In this article from Guns.com, Jeff Wood looks at FN’s FS200 Bullpup rifle in 5.56 NATO.
Fun With the FS2000
The FS2000 is a 5.56 NATO carbine designed for military and police use. The rifle uses a 17.5-inch barrel tucked deep into its bullpup chassis to shorten the platform. The gun uses Stanag pattern magazines, but as far as I can tell only works with the metal GI type.
The action uses a short-stroke gas piston, a rotating bolt, and an interesting forward ejecting system to make this bullpup truly ambidextrous. With the action next to the face, it would be unpleasant to have brass ejecting out the side if you are left-handed.
The FS2000 has a unique look that has earned it several nicknames such as the “tactical tuna.” Like the other FN bullpup, the P90, the FS2000 features an ambidextrous safety. A small disc located at the bottom of the trigger guard can be rotated from either side with the trigger finger to engage or disengage the safety.
The charging handle is located on the front left side of the rifle and uses a claw detent to keep it in place. The bolt does not lock back on the last round, so there isn’t a bolt release.
Perhaps the most interesting feature of the rifle is at the breech. Since the chamber end of the barrel is deeply covered inside the rifle, there is a spring-loaded trap door just in front of the cheek rest that the operator can open to see the breech and clear any malfunctions.
The rifle features a great deal of sealing designs to prevent the ingress of debris into the rifle. All points of ingress have their own way of closing off, such as gaskets in the mag well and a closed ejection port.
The rifle weighs in just shy of 8 pounds at 7.9 pounds, and overall length is 29.25 inches. The compact size of the rifle promises to give the user more maneuverability and mobility in action.
Let’s See It!
When I opened the box containing the FS2000, I was surprised to find that it had been shipped with both the original foregrip panels and a Picatinny-railed foregrip to accept other accessories. The vertical grip gave better purchase for me than the traditional smooth forearm panels, so I left it installed for the purposes of the review.

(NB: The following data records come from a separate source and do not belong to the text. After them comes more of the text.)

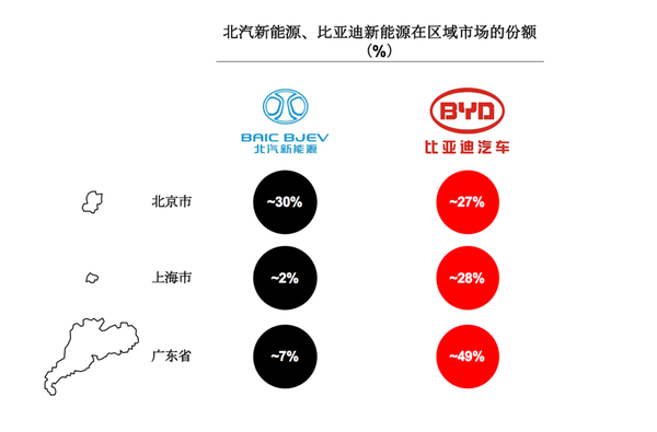 与国内最早布局新能源汽车业务的细分市场领先者比亚迪相比,北汽新能源在全国三大核心市场的表现很不均衡,严重依靠北京的主场优势。
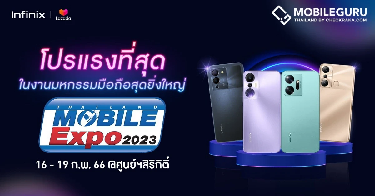 เตรียมพบกับกองทัพสมาร์ตโฟนจาก Infinix ในงาน Thailand Mobile Expo 2023 ได้ที่บูธ LAZADA ตั้งแต่เวลา 10.00 – 20.00 น. ระหว่างวันที่ 16 - 19 กุมภาพันธ์ 2566 ณ ศูนย์ประชุมแห่งชาติสิริกิติ์
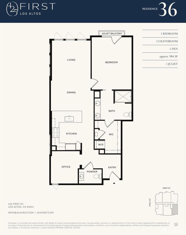 Residence 36 at 425 First Street is a corner one-bedroom plus den home featuring a generous living & dining area, kitchen island, and 2 bathrooms. 425 First is a boutique development of 20 luxury condominiums in downtown Los Altos. Located just two blocks from Main Street, these residences embrace the dynamic Los Altos lifestyle. Newly constructed, the residences at 425 First showcase modern, open floor plans with an abundance of natural light that illuminates the thoughtfully designed sleek interiors. The homes boast high ceilings, wide-plank European Oak hardwood flooring, modern European-style custom cabinetry, and Dacor professional stainless-steel appliances with a dual-fuel gas range. Laundry hook-ups and 1 car parking with EV charging completes this home. *All photography, renderings & views are representative of the Development and may not be the photos of the actual home.*
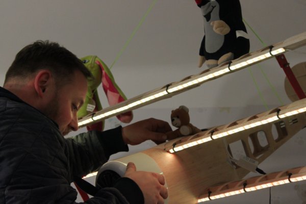 Az előző bejegyzésben leírt gyerekszoba “gyártást” követően be lehetett rendezni a szobát. Fiú babaszoba lévén a helyiség fénypontja nem lehet más, mint a férjem által gyűjtött és összerakott balsafa repülő (váz), amit még évekkel ezelőtt járatot. Havonta jöttek a darabjai a postával, amik a kezdeti lelkesedés után már csak a helyet és a port fogták. 😀 Adta hát magát az ötlet, hogy ha már nem fog repülni… (mert hogy egy távirányítós, benzin motoros modellről van szó) akkor legyen ékes dísze kisfiúnk szobájában felfüggesztve.
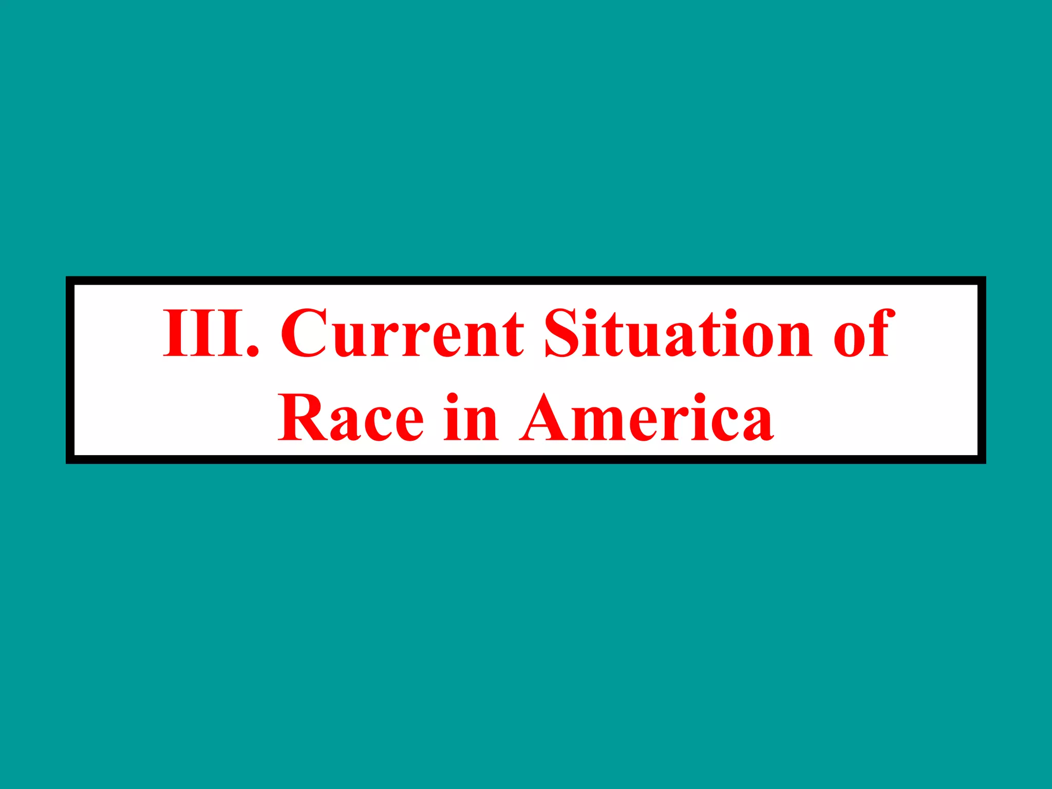 1. The document summarizes the current situation of race in America across several areas including education, employment, housing, criminal justice, and economic outcomes.

The gun seemed lighter than I expected, but I think that’s because it appears bigger and bulkier than it should be. There seems to be a lot of empty space inside. As I lifted the gun to my shoulder, I was surprised by two things. First, I enjoyed the feel of the rifle much more than expected based on my experience with the PS90. And second, it felt rather bulky compared to similar firearms, whether bullpup or conventionally configured.
FS2000 for Sale
Where to Find Yours
I ran the charging handle a few times to get a feel for the rifle. I have grown to like the feel of metal and polymers functioning in unison. The FS2000 felt smooth and locked up tight. I gave the trigger a few squeezes to see how it felt. I’ve felt a few bullpup triggers in my day, and this one was not too shabby. There are certainly better triggers, but this one was serviceable.
I gave the remaining controls a once-over. I didn’t care for the safety much – which, again, was no surprise. The mag release is another curious design. It’s a button just in front of the magazine well that you can depress with the edge of your hand while gripping the magazine. It is pleasant to use if you are stripping the mag with intent to retain it, but if you are reloading a fresh mag, it will slow you down. It requires you to strip the mag with your support hand, then grab a fresh mag to insert.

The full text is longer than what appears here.